Disparate and scattered hardware systems: Ideally, enterprise search will allow you to access content and data across the entire organization, whether global or local. However, the huge number of devices, occasional lack of Internet access, and other challenges make it difficult for enterprise search engines to crawl every device and hardware system.
Miscommunication between employees: What if an employee goes on vacation or falls ill, and was unable to hand off crucial information and documents? Employees will often turn to enterprise search to hunt the documents down. However, if the information wasn’t uploaded to the cloud or otherwise made accessible, it can be hard, if not impossible, to find.
Balancing access and restrictions: Who should have access to what? Who should be restricted from what? Defining permissions is difficult both for search engine solution providers and employees who help oversee them. Nonetheless, it’s vital to ensure that the appropriate controls are in place.
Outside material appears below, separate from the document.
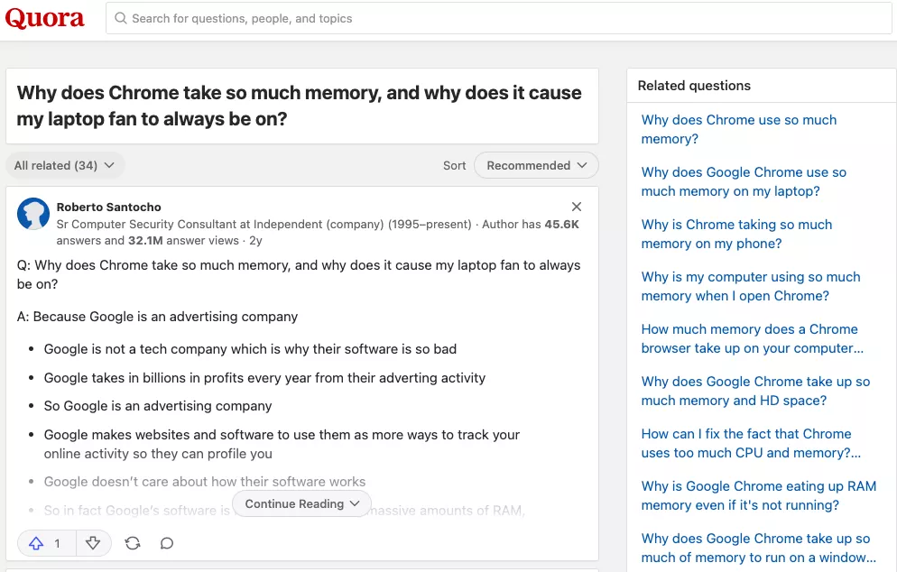 至于内存消耗,谷歌浏览器传统上被认为是最“消耗内存”的浏览器之一。论坛和 Quora 等社交网络上的许多投诉证明了这一说法:

Properly setting up the proper access to content for each user is a crucial management solution for corporations and small businesses alike. It’s important to keep the access up to date and accurate.
Irrelevant results: Enterprise search results have become far more accurate and useful in recent years. However, that doesn’t mean that every problem has been solved, or search results are always perfect. Solution providers continue to strive for more accurate and relevant results, but perfection may never be obtained.
User role and context can improve the relevance and accuracy of search. Session-based personalization technologies are already available in enterprise search software from leading vendors. In addition, having a user-friendly enterprise search function that offers semantic search and language processing technologies is important to allow users to find relevant, accurate data for their specific keywords, in the applicable context.
Integrating new technologies: Both artificial intelligence and machine learning have made waves in the search engine field. Yet, developing AI and ML technologies is easier said than done. And even after these technologies are created, integrating them with search engines remains a present-day challenge.
Consolidating systems: Many companies use a myriad of different enterprise search engines, each with its own purpose and strengths, as well as weaknesses and limitations. Bain has found that over 60 percent of knowledge workers must use at least four different systems regularly to access relevant information. Consolidating search systems would be an improvement for all parties involved.